Myers displays her ample piano chops on the modal bop churner, “Louisville,” and the intensely arpeggiated “Christine.” Her vocals range from the luxuriating repetition of “Plowed Fields” to the shrewdly restrained gospel testimony of “Do You Wanna Be Saved” (where she doubles on organ and piano) to the declamatory vocalese liberties taken on the closing title track. She is ably supported by drummer Thurman Barker and bassist Don Pate, whose bowed intro highlights “Clock.” Circle of Time is in the middle of her career sweet spot, which includes Salutes Bessie Smith (1980) and Jumping in the Sugar Bowl (1984).
8 Bold Souls - 8 Bold Souls
8 Bold Souls is probably the most underrated and criminally under-recorded ensemble relative to their talents in the AACM pantheon. What makes the well-named octet so distinctively crisp and versatile is the writing of leader Edward Wilkerson Jr., whose arrangements wring forth surprising sonorities that can be piquant or plush, the mood flipped from searing to indolent with remarkable élan, sometimes within a single song, as on “The Hunt” and “Dervish.”
This 1986 eponymous debut reveals an ensemble fully bloomed, with Wilkerson deploying the tuba of Aaron Dodd and the cello of Naomi Millender in odd places years before it became a “new music” trend. “Shining Waters” imitates a swing-era big band thrillingly run amok via Dodd and clarinetist Mwata Bowden, whereas “Through the Drapes,” is as thick and dark as its title implies. If you can’t dredge up a copy of the disc (it has been in and out of print a few times), check out the lively Ant Farm (1994) on Arabesque, or the highly praised Last Option (2000) on Thrill Jockey, which sadly stands as the ensemble’s swan song.
Muhal Richard Abrams - One Line, Two Views
More than anyone, Abrams is the polestar of the AACM, an original founder and the first President of the organization. There is a surfeit of viable options in his vast catalogue that could be included here, from his auspicious debut Levels and Degrees of Light (1968) through his raucous big band album Blu Blu Blu (1990) and into SoundDance (2011). But 1995’s One Line, Two Views, is the masterwork, the giant seine that captures the composer-pianist’s enormous breadth of style, timbre, scale and mood.
Working with a ten-piece ensemble, Abrams glides from the dense orchestrations of “Textures 95” into the harsh swing of “The Prism,” with trumpeter Eddie Allen quoting “Tequila.” “Hydepth” melds the sonorities of acoustic bass and bass clarinet and becomes a showcase for Marty Ehrlich on the latter instrument.

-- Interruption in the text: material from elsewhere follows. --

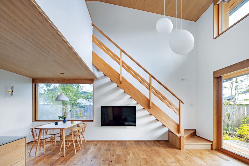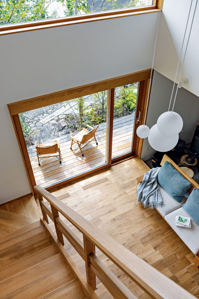 階段からオークの床のリビングを見下ろす。吹き抜けの高さは約5mある。夏場には深い軒が室内に入る日差しの量を調整することで、LDKは程よい明るさになる。

Rapid-fire piano and accordion ignite a fanfare for Abrams’ recently deceased colleagues on “Tribute to Julius Hemphill and Don Pullen,” and “11 Over 4” features violinist Mark Feldman prancing over some bruising horns. The extended closer, “Ensemble Song,” has impressionistic strings, percussion and spoken-word prose and poetry before closing with some Crescent City blues.
Nicole Mitchell - Hope, Future and Destiny
Mitchell’s ascendance on the Chicago jazz and arts scene assuaged any trepidation over the AACM’s capacity for rejuvenation. Hope, Future and Destiny was a part of an onstage production involving dozens of local actors and musicians and the songs were a glorious stylistic gumbo. While both traits are consonant with AACM tradition, Mitchell has more of a New Age and less scabrous bent to her Afrocentrism that goes down like a cool drink of water. Her clarion flute is tagged by rippling trumpet from Corey Wilkes on “Wondrous Birth.” Trombonist Tony Herrera and Mitchell’s entire Black Earth Ensemble swagger and swing with a dollop of P-Funk on “Curbside Fantasee,” then slip into Sweet Honey in the Rock mode on the vocal harmonies of “For Daughters of Young Love.” The appropriately-named violinist Savoir Faire is another standout, especially on the gorgeous “In the Garden.” Mitchell became the first female president of AACM from 2009-10 and continues to cut sprawling, ambitious multi-cultural projects.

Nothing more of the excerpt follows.